The PSA identified the three commodity groups contributing to the April 2024 as follows:

a. Food and non-alcoholic beverages with 59.7 percent share or 2.3 percentage points;


b. Restaurants and accommodation services with 13.7 percent share or 0.5 percentage point; and

c. Transport with 6.2 percent share or 0.2 percentage point.


Undersecretary Dennis Mapa, who heads the Philippine Statistics Authority (PSA), said the uptrend in the overall inflation in April was primarily influenced by the higher year-on-year increase in food and non-alcoholic beverages at 6 percent from 5.6 percent in March 2024.


Food Prices Up

Food inflation in particular rose to 6.3 percent from March's 5.7 percent. Rice recorded a lower inflation rate but remain at elevated levels or at 23.9 percent in April, down from 24.4 percent in March.


Mapa cited rice prices as a major factor for the slightly higher inflation in April. Rice prices still remain over P50 per kilo, or way above the P30 to P40 per kilo a year ago.


The El Niño weather disturbance has been blamed for elevated rice prices in the Philippines and in Southeast Asia, where the country sources much of its imports of the staple.


"What we saw was world prices of rice slightly declined. It peaked last January 2024 and then there's a slight decline last February and March. Just a bit," Mapa said.


"But the trajectory is that world prices are declining for the past two months so this might have impact in the decline of rice prices just a bit," he added.


Uptrend Inflation

Also, the faster annual growth rate of the transport index at 2.6 percent in April 2024 from 2.1 percent in the previous month also contributed to the uptrend of the overall inflation.


In contrast, the PSA said the following commodity groups registered lower inflation rates during the month:


a. Alcoholic beverages and tobacco, 4.9 percent from 6.7 percent;
b.

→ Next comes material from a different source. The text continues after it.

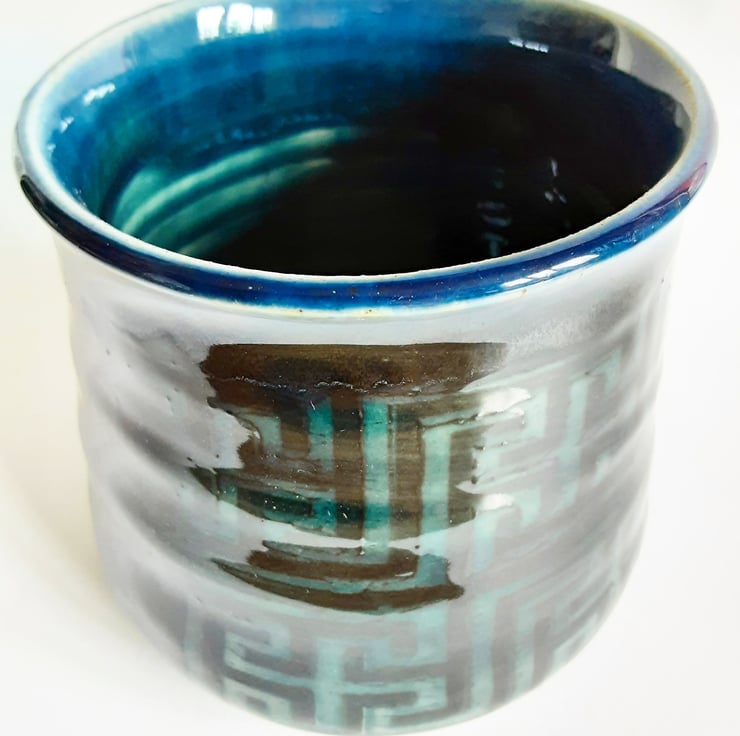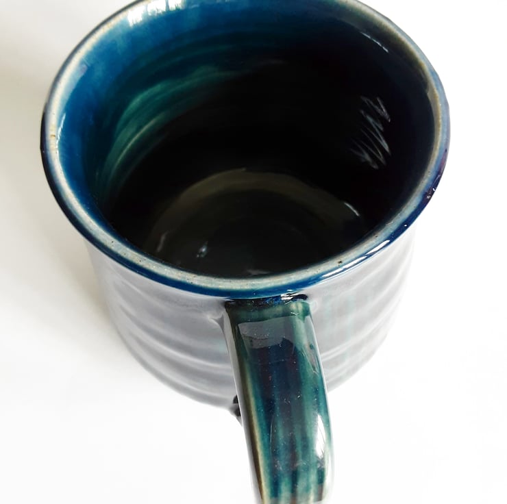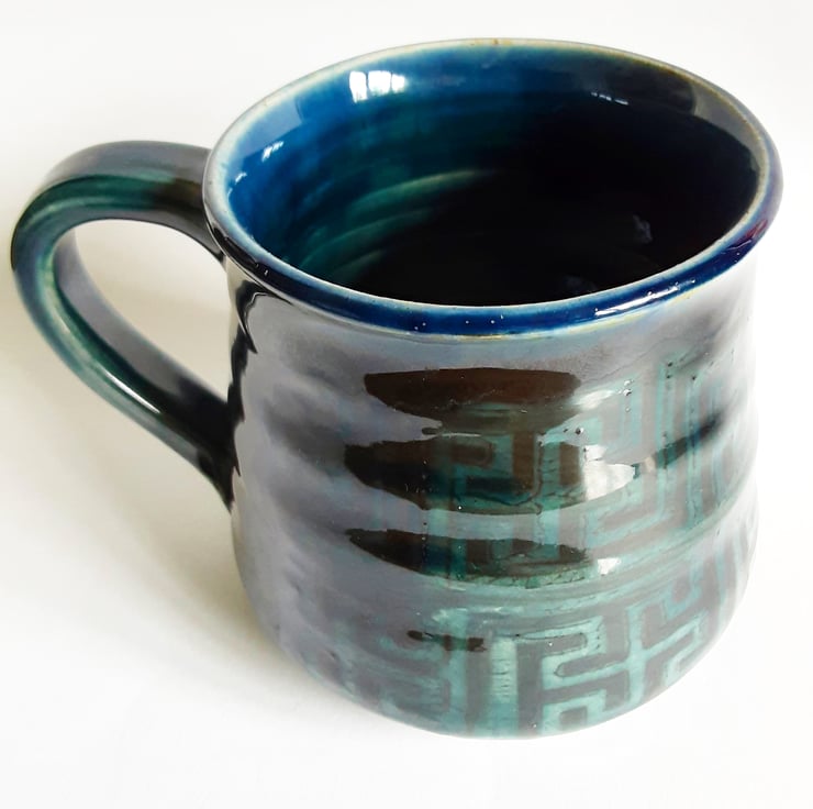 Glazed in blue glazes with a pattern on the mug.

Housing, water, electricity, gas and other fuels, 0.4 percent from 0.5 percent;
c. Furnishings, household equipment and routine household maintenance, 3.1 percent from 3.2 percent;
d. Health, 3.0 percent from 3.2 percent;
e. Recreation, sport and culture, 3.8 percent from 3.9 percent;
f. Restaurants and accommodation services, 5.4 percent from 5.6 percent; and
g. Personal care, and miscellaneous goods and services, 3.5 percent from 3.6 percent.


BSP Move

With the inflation rate for April only slightly higher, investors are awaiting when the BSP will start reducing its benchmark rate that currently stands at 6.5 percent, the highest since 2007.

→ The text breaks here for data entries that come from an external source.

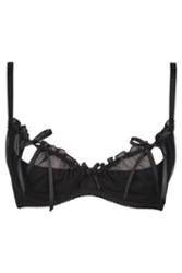Der verspielte schwarze Sevilla-BH besteht aus einer Halbschale, die die Brust aufrichtet und mit gerafftem Tüll und kleinen Rüschen bedeckt ist.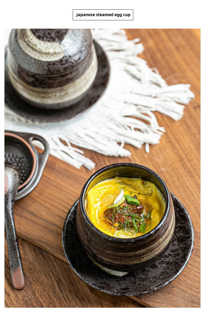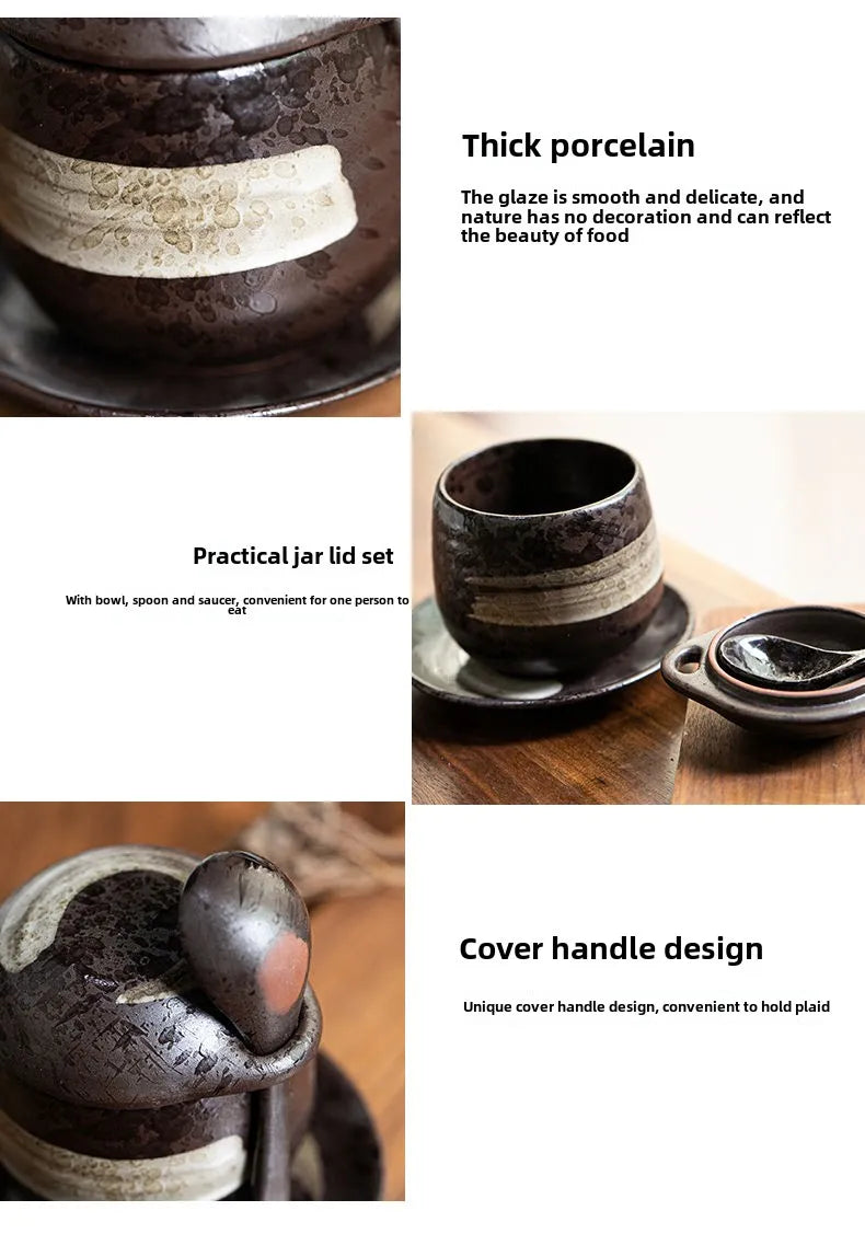 Japanese Retro Ceramic Stew Pot with Lid & Spoon Set | Multifunctional Soup Cup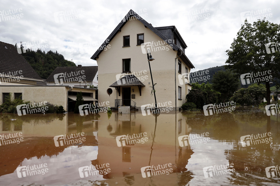 In der Eifel haben heftige Regenfälle und Dauerregen für Überschwemmungen und Überflutungen gesorgt. Im Ahrtal trat der Fluss vielerorts über die Ufer und überschwemmte nicht nur Keller sondern ganze Ortschaften. Im Bild der Ort Dernau (Landkreis Ahrweiler), der beinahe komplett von den Wassermassen geflutet wurde. Viele Menschen verloren alles. Dernau, 15.07.2021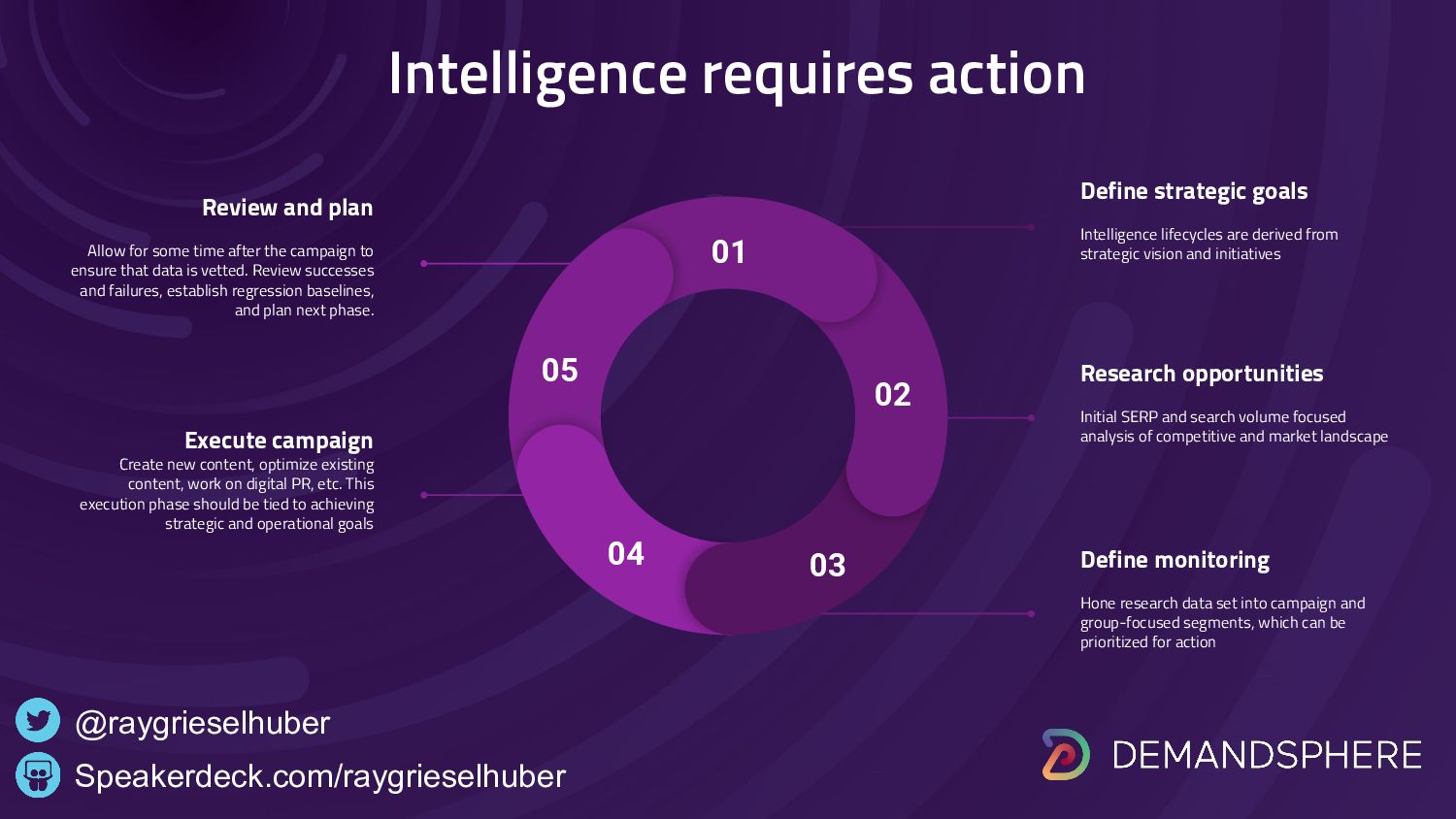 some time after the campaign to ensure that data is vetted. Review successes and failures, establish regression baselines, and plan next phase. Execute campaign Create new content, optimize existing content, work on digital PR, etc. This execution phase should be tied to achieving strategic and operational goals Define monitoring Hone research data set into campaign and group-focused segments, which can be prioritized for action Define strategic goals Intelligence lifecycles are derived from strategic vision and initiatives Research opportunities Initial SERP and search volume focused analysis of competitive and market landscape 01 05 04 03 02
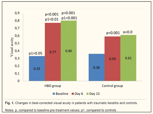 Direct linear correlations were observed between mean BCVA and objective symptom scores, specifically, inflammatory infiltration score (ґ=0.513, р < 0.05), inflammatory injection score (ґ=0.536, р<0.05), corneal edema score (ґ=0.573, р < 0.05), and corneal fluorescein staining score (ґ=0.593, р < 0.05) in patients of the HBO group. Therefore, our findings demonstrate the clear positive effect of adjunctive HBO on the corneal status in the patients. Conclusion First, by the end of treatment, mean BCVA increased 2.3-fold (p < 0.001) in the HBO group and 1.6-fold (p < 0.001) in the controls. At day 15, mean BCVA was 29.5% higher in the former than in the latter group (p < 0.001). Second, by the end of treatment, mean total scores decreased by 94.27% (to 0.57±0.03) in the former group and by 90.66% (to 0.94±0.04) in the latter group (between-group score percentage difference, 39.36%; p < 0.01). Third, the presence of correlations between improvements in visual acuity and the method of treatment for traumatic keratitis reflects the pathogenetic role of objective symptoms in the pathogenesis of this disease and underscores the need for HBO therapy. Finally, the findings presented support the idea that HBO can be used as a valuable adjunct to conventional therapy for management of traumatic keratitis. References 1.Gundorova RA, Stepanov AV, Kurbanova NF. [Current ophthalmic traumatology]. Moscow: Meditsina, 2007. Russian. 2.Chudniavtseva NA. [Restorative treatment of patients with eye traumas complicated by iridodialysis]. Oftalmol Zh. 2010;1:102-5. Russian. 3.Petrunia AM, Faruk IS. [Efficacy of lypophlavon in the comprehensive treatment for traumatic keratitis]. Oftalmol Zh. 2006;3:102-4. Russian. 4.Sakovich VN, Nikitchina TS, Shcherbakov BD. [Use of phlogenzym in the treatment for herpetic keratitis]. Oftalmologiya. Vostochnaya Evropa. 2012;2:141-5. Russian. 5.Gusova MK. [Toxic damage to the optic nerve secondary to alcohol intoxication]. [Abstract of Cand Sc (Med) Thesis]. Moscow: Russian Medical Postgraduate Education Academy; 2008. 15 pp. Russian. 6.Eliseeva EV. [Hyperbaric oxygenation in ophthalmology: Tutorial]. Karaganda; 2010. Russian. 7.Kuz’minov OD, Lukich VI. [Use of HBO in ophthalmology]. Bul. hiperbaricheskoi biologii I meditsiny. 2001;1-4:76-85. Russian 8.Znamenskaia MA, Rykov SA. [Herperic eye injuries]. In: Znamenskaia MA, editor. [TORCH infections in obstetrics and neonatal care]. Kyiv: Standart Digital Print; 2008. Russian. 9.Beda DI. [Age-related macular degeneration management including the use of hyperbaric oxygenation]. [Abstract of Cand Sc (Med) Thesis]. Krasnoyarsk: State Medical Academy; 2010. 118 pp. Russian 10.Verkman AS. Role of aquaporin water channels in eye function. Exp Eye Res. 2003 Feb;76(2):137-43. 11.Wilson SE, Mohan RR, Mohan RR, et al. The corneal wound healing response: cytokine-mediated interaction of the epithelium, stroma, and inflammatory cells. Prog Retin Eye Res. 2001;20:625-37.

BSP Governor Eli Remolona Jr., however, said that a reduction of 25 basis points (bps) is on the table once inflation settles around the midpoint of the its target range of 3.5 to 4.3 percent.


"Right now, if we ease, it will just be 25 basis points. But we'll see," Remolona said.


"Anything more than 25 [bps], it's like there's a recession already. It's like a hard landing. But for now, we don't see it coming," he added.


However, the BSP is expected to remain hawkish with the current inflation environment or still favors a high-interest setting to keep inflation in check.


"It seems that inflation movements are hovering around 3.9 percent ...," Remolona said.


"If it's 3.9 percent, it's easy to become 4.1 percent, like that. It's still uncertain. So we remain hawkish," he added.


The BSP's Monetary Board (MB) kept policy rates unchanged during its last meeting on April 8. The next meeting on of the MB is on May 16.


"Looking ahead, the Monetary Board will consider the latest inflation and Q1 (first quarter) 2024 GDP (gross domestic product) outturns, among other information, in its upcoming monetary policy meeting on 16 May 2024," the central bank said.


Besides the BSP’s next move on policy rates, investors are also anticipating the next policy rate announcement of the US Federal Reserve. Like the BSP, the US central bank has not yet made it clear as to when it will start reducing its policy rate.